■ **INSTRUCTIONS TO FOLLOW**: What is wanted is every line below from the one with "Traditionally, the bamboo" up to and including the one with "Both bedrooms feel", retyped exactly, pictures excluded, nothing else.

■ **SUPPLIED ENTRIES**:
- - - -

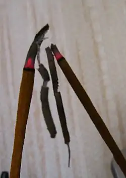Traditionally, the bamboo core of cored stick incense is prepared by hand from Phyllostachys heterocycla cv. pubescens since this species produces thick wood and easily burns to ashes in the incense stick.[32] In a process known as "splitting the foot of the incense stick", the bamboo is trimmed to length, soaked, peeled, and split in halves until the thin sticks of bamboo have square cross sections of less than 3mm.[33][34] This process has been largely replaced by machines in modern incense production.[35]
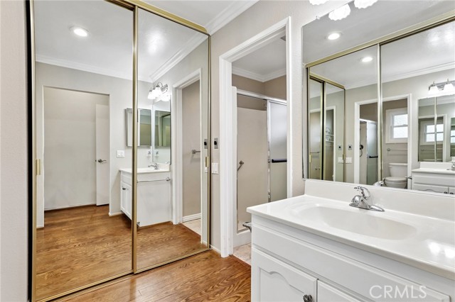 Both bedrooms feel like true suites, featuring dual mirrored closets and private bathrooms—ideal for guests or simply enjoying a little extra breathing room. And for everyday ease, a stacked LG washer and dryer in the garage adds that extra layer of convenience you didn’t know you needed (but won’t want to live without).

- - - -

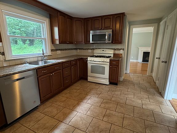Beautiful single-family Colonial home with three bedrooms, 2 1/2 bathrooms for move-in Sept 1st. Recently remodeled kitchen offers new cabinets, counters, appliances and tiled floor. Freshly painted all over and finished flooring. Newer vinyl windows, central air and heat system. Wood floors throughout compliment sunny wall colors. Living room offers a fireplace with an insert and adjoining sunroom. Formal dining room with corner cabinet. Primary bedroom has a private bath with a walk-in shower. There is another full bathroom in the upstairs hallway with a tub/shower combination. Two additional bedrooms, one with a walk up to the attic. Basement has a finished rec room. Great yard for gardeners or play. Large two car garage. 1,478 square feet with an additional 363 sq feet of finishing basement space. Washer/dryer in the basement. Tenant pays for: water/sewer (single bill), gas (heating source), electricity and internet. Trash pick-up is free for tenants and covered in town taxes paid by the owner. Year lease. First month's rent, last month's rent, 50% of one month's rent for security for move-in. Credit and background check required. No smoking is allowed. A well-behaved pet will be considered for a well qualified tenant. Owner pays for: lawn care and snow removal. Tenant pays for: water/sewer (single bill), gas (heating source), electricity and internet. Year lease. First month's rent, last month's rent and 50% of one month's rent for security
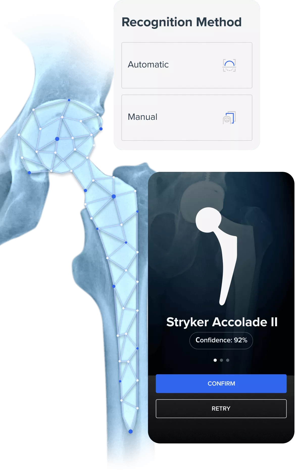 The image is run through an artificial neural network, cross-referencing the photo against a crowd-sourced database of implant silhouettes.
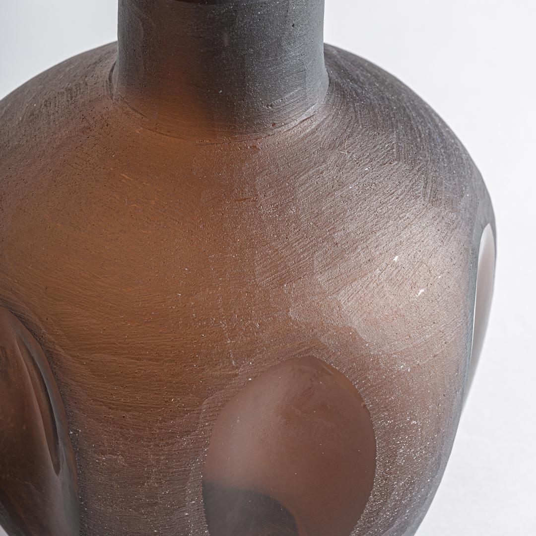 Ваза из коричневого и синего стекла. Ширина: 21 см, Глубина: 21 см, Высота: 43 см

- - - -

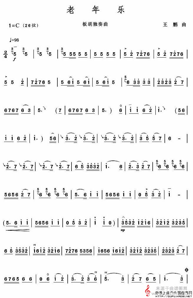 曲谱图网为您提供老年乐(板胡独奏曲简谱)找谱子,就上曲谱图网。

- - - -

■ **REPLY**:
Traditionally, the bamboo core of cored stick incense is prepared by hand from Phyllostachys heterocycla cv. pubescens since this species produces thick wood and easily burns to ashes in the incense stick.[32] In a process known as "splitting the foot of the incense stick", the bamboo is trimmed to length, soaked, peeled, and split in halves until the thin sticks of bamboo have square cross sections of less than 3mm.[33][34] This process has been largely replaced by machines in modern incense production.[35]
 Both bedrooms feel like true suites, featuring dual mirrored closets and private bathrooms—ideal for guests or simply enjoying a little extra breathing room. And for everyday ease, a stacked LG washer and dryer in the garage adds that extra layer of convenience you didn’t know you needed (but won’t want to live without).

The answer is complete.